(Material for this task Opens)

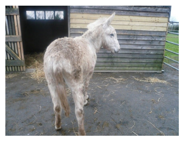
Photo 12. A shed and hard standing make ideal shelter for donkeys in winter conditions

Donkeys have evolved to live in semi-arid environments and research has shown that they are less adapted to the wet conditions experienced in temperate climates and make use of shelter more frequently than other equidae under such conditions. Sufficient shelter should be available all year round; in the summer to provide donkeys with shade from the heat of the sun and protection from flying insects, and in winter to protect them against wet, windy and cold conditions. The shelter should be large enough to provide protection to all donkeys at the same time.
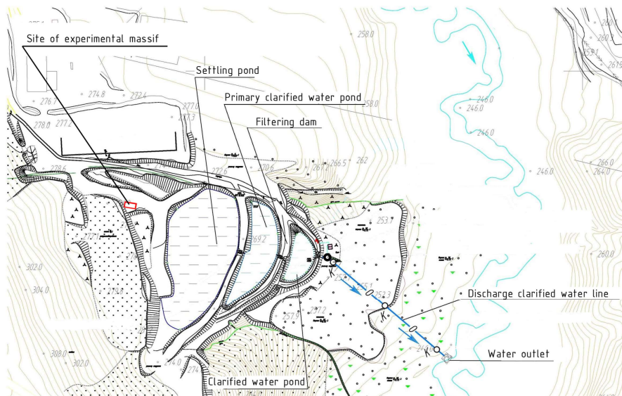
Fig. 2. Choosing the location of the AFM.

A significant number of works [7-17] are devoted to the study of natural sorbents and adsorption processes characteristic of phase separation surfaces. Natural sorbents for effective purification of industrial wastewater from dissolved and very fine (colloidal) mechanical particles can act overburden rocks of the developed deposit, with a high specific surface area. For the conditions of the Kuzbass, it can be highly fractured weathered sandstones and siltstones (including their carbonaceous species), also coal, diluted with overburden rocks to a substandard state. Very high filtration rates give the so-called burnt-out – burnt rocks.
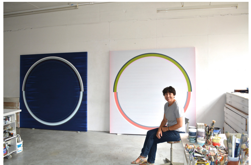
Artist's Studio , 2014
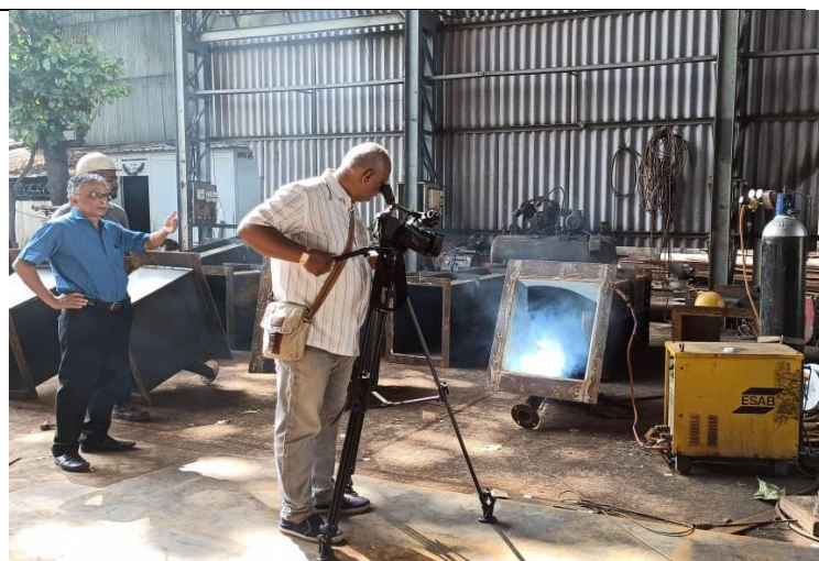
TIG & MIG Welding video shoot

For Regular update: www.facebook.com/vigyan.ashram.pabal ; www.vigyanashram.blog www.vigyanashram.com ; https://vigyanashram.online/

(Material for this task Closes)

Work order:
An exact copy is needed of only the lines from the top of the material through the line with "Fig. 2. Choosing the location of the AFM."; no pictures belong in it.

Response area:
Photo 12. A shed and hard standing make ideal shelter for donkeys in winter conditions

Donkeys have evolved to live in semi-arid environments and research has shown that they are less adapted to the wet conditions experienced in temperate climates and make use of shelter more frequently than other equidae under such conditions. Sufficient shelter should be available all year round; in the summer to provide donkeys with shade from the heat of the sun and protection from flying insects, and in winter to protect them against wet, windy and cold conditions. The shelter should be large enough to provide protection to all donkeys at the same time.
Fig. 2. Choosing the location of the AFM.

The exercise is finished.